Spanish businessman and politician (1931–2015)

José María Ruiz-Mateos y Jiménez de Tejada (11 April 1931 – 7 September 2015) was a Spanish businessman and politician.

== Biography ==

He began by exporting wine to England. As the son of a small sherry producer, he managed to sign a monster contract in 1964, becoming the exclusive supplier to John Harvey & Sons. As this required more sherry wine than his family bodega could supply, he started buying other wineries. At the heart of his wine group was the company Bodegas Internacionales.

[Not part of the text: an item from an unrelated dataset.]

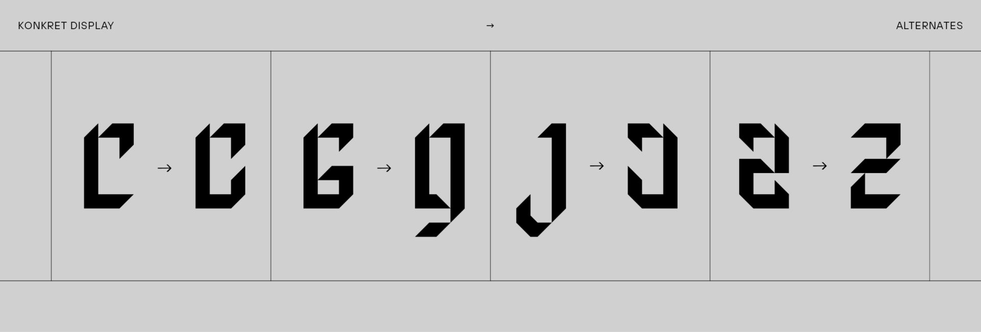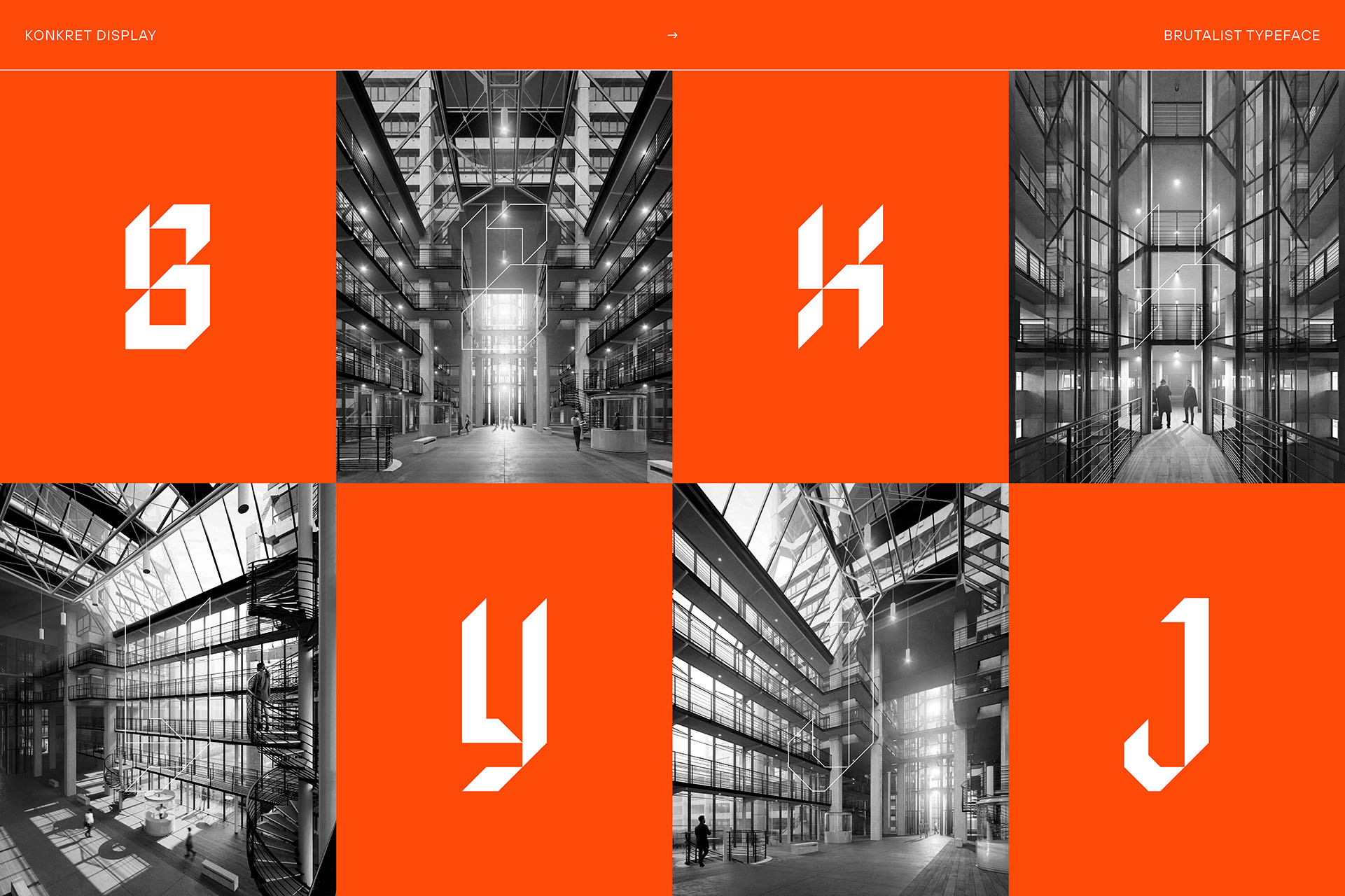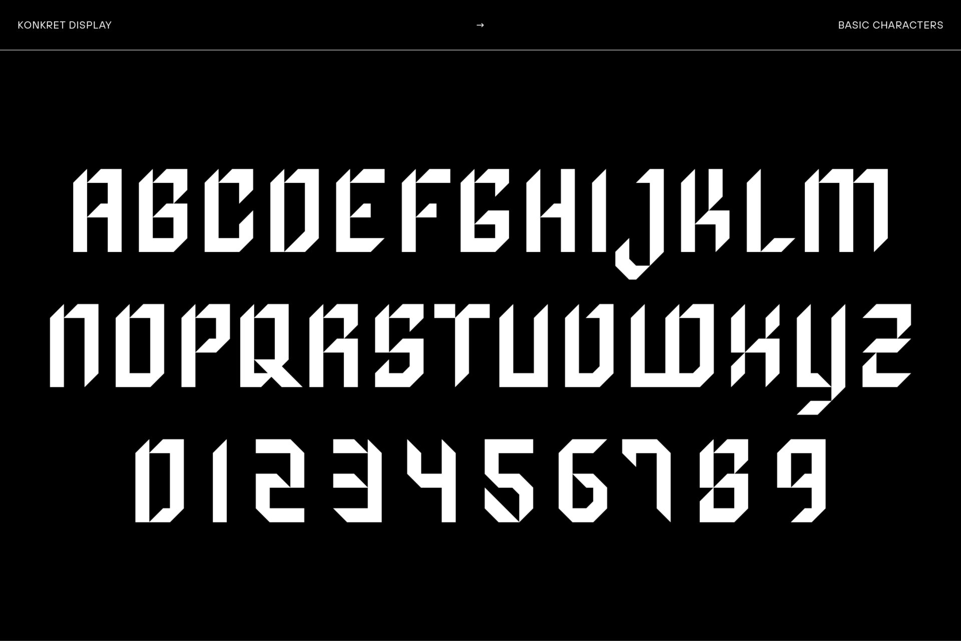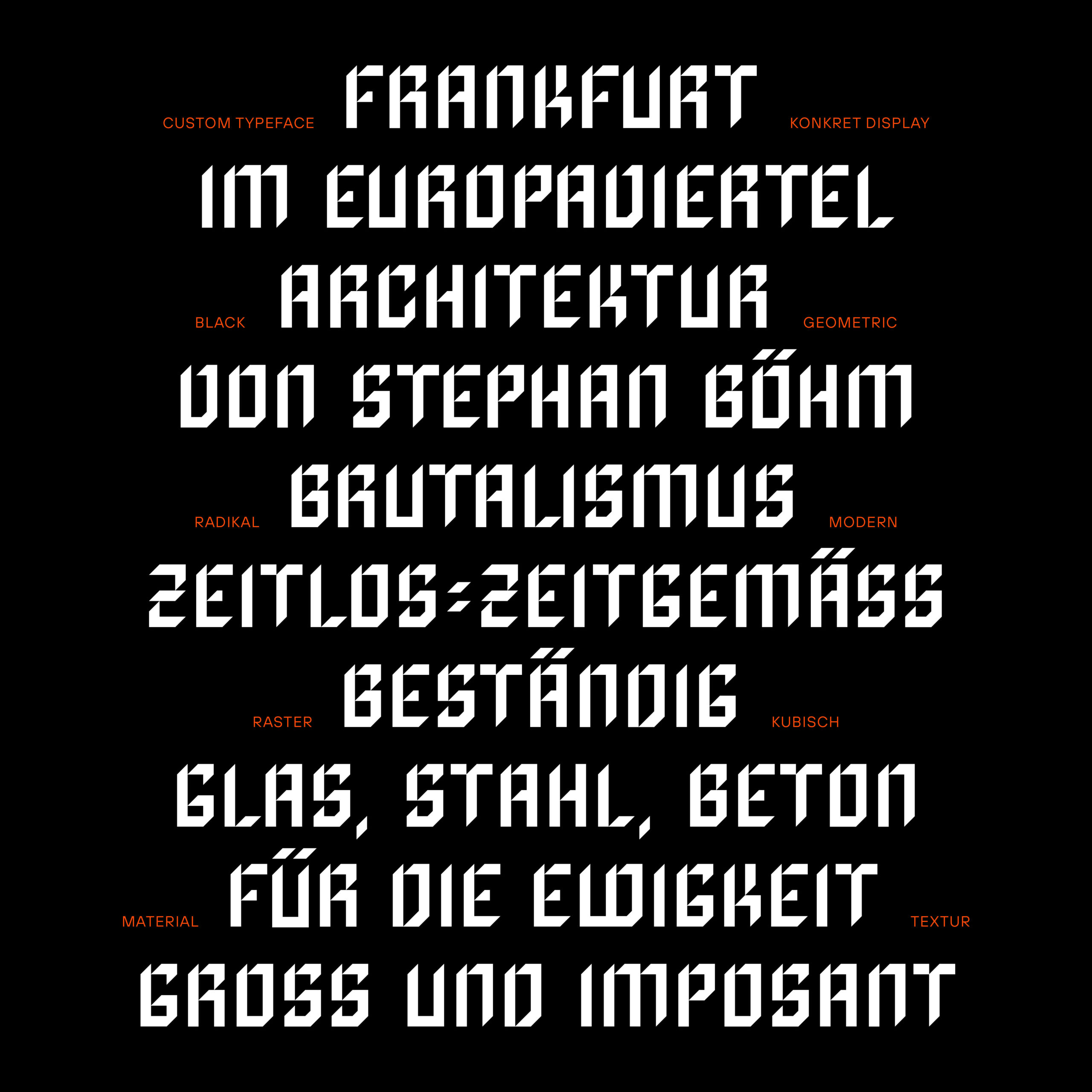 Im Zentrum steht eine modulare Schrift, aufgebaut aus einfachen geometrischen Elementen, die sich zu variablen Zeichen und symbolhaften Formen kombinieren lassen. Die Illustrationen greifen diese Logik auf und übersetzen Linien, Flächen und Texturen in eine abstrahierte, grafische Welt, die an die Materialität von Beton erinnert.

He founded the conglomerate Rumasa (Ruiz Mateos Sociedad Anónima) and had considerable influence in Spanish society. The group included several banks, hotels, wineries, supermarkets and luxury stores, insurance companies, construction firms... In 1983, the government of Spain (the Socialist Party was in office at the time and led by Felipe González) expropriated the company. The government alleged that Rumasa had failed to pay millions of pesetas in mandatory taxes to the national treasury. The government also claimed that Rumasa was in virtual bankruptcy and that it was still afloat thanks solely to imaginative accounting by the auditing department of the company. Ruiz Mateos disagreed with this assessment. He sued the government for compensation, but lost in court.

He was imprisoned on charges of currency smuggling, fraud and tax evasion.

After several years in jail, he went back into public life, became the owner of the Rayo Vallecano football (soccer) team in 1991, and formed his own political party, as part of which he was elected to the European Parliament in 1989 and consequently achieved the judicial immunity that he was looking for. He also founded a new holding company, New Rumasa, with 16,000 employees. There have been multiple and various court rulings on the Rumasa case both in Spain and outside Spain; the Supreme Court and the Constitutional Court have both spoken on numerous judgments. Ruíz Mateos was acquitted in 1999 by the Spanish Supreme Court.

He was a well-known member of Opus Dei, though he was expelled from the group in 1986.

Ruíz Mateos was the father of 13 sons and daughters.

On 17 February 2011 the ten largest companies within the Nueva Rumasa group were declared in default and unable to make payments to their creditors after the Spanish Social Security, Royal Bank of Scotland and others requested that liens be placed on the companies' assets, nearly twenty-eight years to the day on which his original holding company, Rumasa, was expropriated by the Spanish government.

==Foundation Ruiz Mateos==
The Ruiz-Mateos Foundation was created in 1978 under the sponsorship of the Ruiz-Mateos family, for the stated purpose of developing cultural pursuits, especially the visual arts, music and literature. The foundation runs competitions annually, and awards a prize called the "Villa de Rota" in each of these three areas. The Foundation's collection of contemporary art is funded by the competition entrance fees and by the donations of exhibitors who use its exhibition rooms. Among other artists, the museum exhibits works by Manuel Benitez Reyes, Wenceslao Robles and Francisco Luque. The Foundation museum, created in 2005, is located in an old family house built in 1865.